For cell invasion assay 5 × 105 cells/mL were seeded in Matrigel invasion chamber (8.0 µm pore size; BD Biosciences, 354480). Top chambers (culture inserts) were filled with serum-free medium and bottom chambers were filled with medium containing 10% FBS. After 24–48 h cells at the bottom surface of the membranes were stained, photographed, and at least 10 fields were counted. Each experiment was performed for three times, in triplicates.

Gelatin zymography

The activity of the matrix metalloproteinase MMP2 and 9 was measured by gelatin zymography. 24 h from transfections, cells were washed, and then TGF-β1 was added at 5 ng/mL concentration in serum-free medium. At 48 h of treatment conditioned medium was collected and centrifuged at 6,000 rpm for 10 min at 4°C. MMP-2 and MMP-9 activation was analyzed by gelatin zymography using 10% polyacrylamide resolving gel containing 1 mg/mL gelatine. After electrophoresis, gels were washed with 50 mM Tris–HCl pH 7.5, 5 mM CaCl2 and 2.5% Triton X-100 and then incubated in 50 mM Tris–HCl pH 7.5, 5 mM CaCl2 at 37°C overnight. Gels were stained with 0.25% Coomassie brilliant blue (R-250) dye in 10% acetic acid and 10% isopropanol. Semi-quantitative densitometry was performed using the Image J 1.49v program (NIH).

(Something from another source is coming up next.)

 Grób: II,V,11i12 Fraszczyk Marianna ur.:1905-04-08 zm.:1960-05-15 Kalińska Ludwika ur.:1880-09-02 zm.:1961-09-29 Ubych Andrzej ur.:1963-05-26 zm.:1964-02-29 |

ELISA analysis of total MMP2 protein levels

Cells transfected with siRNAs were treated or not treated with TGF-β1 for 48 h. Culture media were collected and MMP2 concentration was determined by ELISA analysis. (ELISA kit, R&D Systems, MMP200).

Statistical analysis

Descriptive statistics were used to summarize pertinent study information. The association between variables was tested by the Pearson Chi-Square test or Fisher's exact test, when appropriate.

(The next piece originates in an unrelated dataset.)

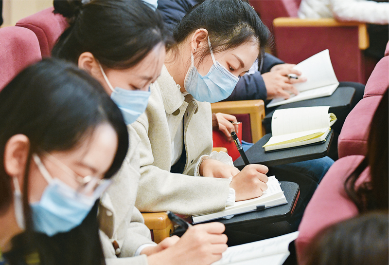 2020年11月7日,中央宣傳部、中央和國(guó)家機(jī)關(guān)工委、教育部、中央軍委政治工作部、中共北京市委在北京舉辦學(xué)習(xí)貫徹黨的十九屆五中全會(huì)精神中央宣講團(tuán)首場(chǎng)報(bào)告會(huì)。在京黨政軍機(jī)關(guān)干部、中央企業(yè)負(fù)責(zé)人、高校師生代表和各界群眾,共700余人參加報(bào)告會(huì)?!⌒氯A社記者 李賀/攝

To identify the optimum cut off point that would more accurately categorize hMENA expression as high or low risk for negative and positive Iso-11a, a receiver operator characteristic (ROC) analysis was conducted. OS was calculated by the Kaplan–Meier product-limit method from the date of the surgery until death. If a patient had not died, OS was censored at the time of the last visit. The log-rank test was used to assess differences between subgroups. Significance was defined at the p ≤ 0 .05 level. The Hazard risk and the confidence limits were estimated for each variable using the Cox univariate model. All reported p values are based two-sided tests, and a p value less than 0.05 indicates statistical significance. A multivariate Cox proportional hazard model was also developed using stepwise regression (forward selection) with variables that were significant in the univariate analyses. Enter limit and remove limit were p = 0.10 and p = 0.15, respectively. SPSS (SPSS version 21.0, SPSS Inc.) and MedCalc® (14.0) statistical programs were used.

For in vitro experiments, data are expressed as the mean of at least three different experiments ± SD. Comparison between two groups was analyzed using the Student's t-test. Statistical significance was defined as p ≤ 0 .05. Asterisks indicate significant differences between experimental groups.